Hi everyone,
As someone who often uses GPT for more structured tasks—like building multi-step plans or sketching out strategy flows—I’ve noticed a small but persistent friction in the experience.
It usually starts with something like:
“Coming right up.”
“Let me get that for you.”
“I’ll send that over in a moment.”
And then… nothing.
No typing dots. No visual cue. Just a still screen.
[A moment of uncertainty]
As a user, that silence creates a strange moment:
- Did it freeze?
- Is it still thinking?
- Should I try rephrasing?
It’s not about speed—it’s about rhythm.
When the model signals an action but doesn’t follow through visually, the conversation stalls. Even a short pause can feel long when you’re mid-task and there’s no feedback to anchor your attention.
[Why this feels off]
In real conversations, we rely on small signals—nods, eye contact, a quick “mm-hmm”—to stay connected.
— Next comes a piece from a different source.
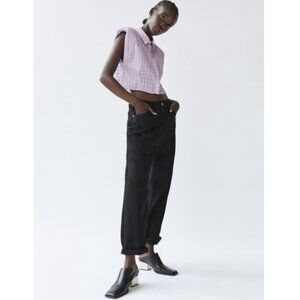 Zara Lilac Gingham Shoulder Pad Cropped Blouse Size S
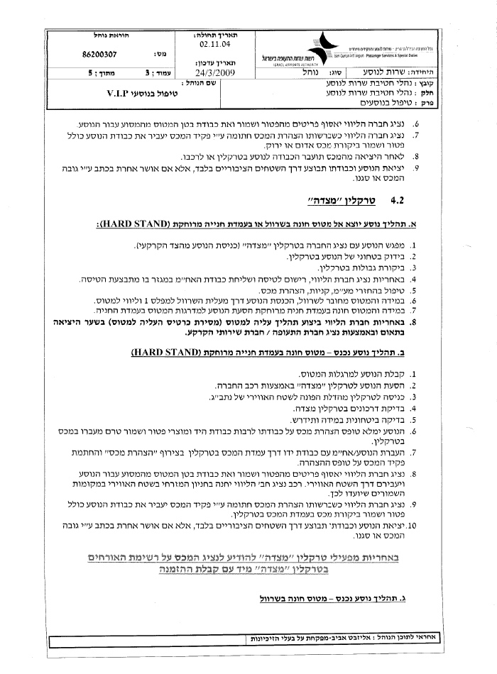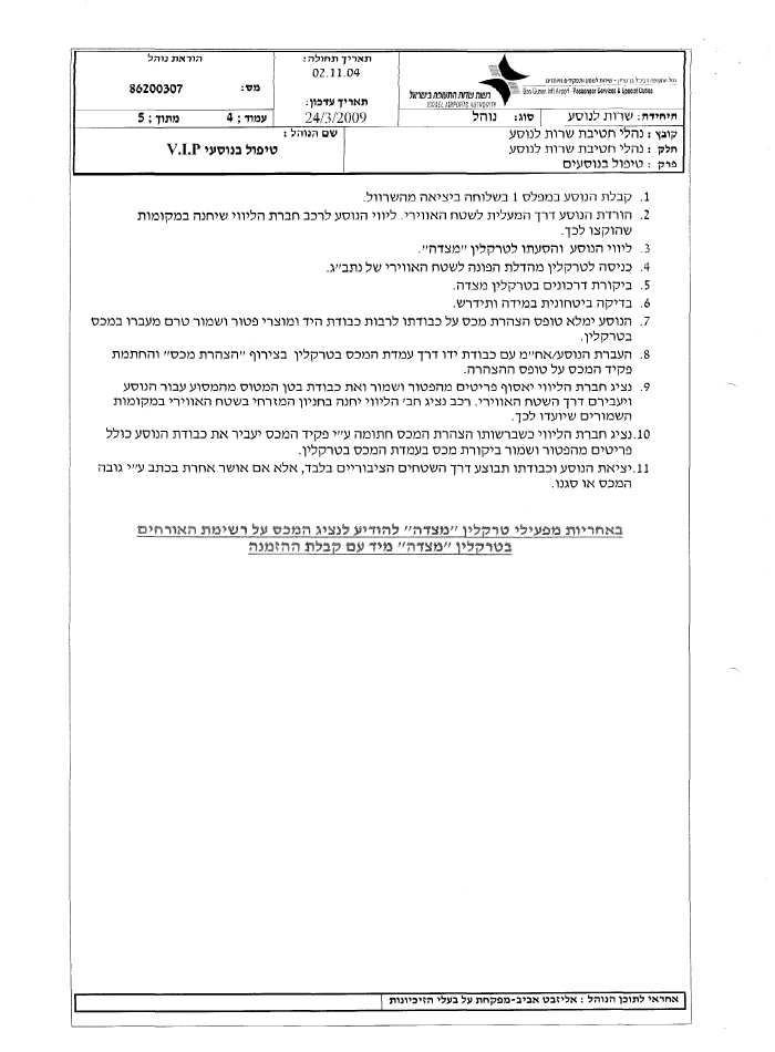על כולם חל נוהל מס' 86200309 של רשות שדות התעופה - נוהל המאפשר למכובדים המופיעים בו

In chat interfaces, those signals become things like typing dots, status messages, or gentle transitions.
Without them, the exchange feels weirdly empty—like someone started to speak and then stopped halfway.
[What a small fix could do]
If the model says “Let me get that for you,” a small cue—typing dots, a soft “generating…” status, even a brief animation—could help keep the thread alive.
It’s a subtle addition, but one that supports trust and pacing.
A quiet gap in the interaction—just a small UX tension that surfaced in use.
The model already does an amazing job with tone and coherence.
A bit more visual presence would make the experience feel even more alive.
( Quietly collecting moments like this as part of a long-term design study into system presence and conversational rhythm.)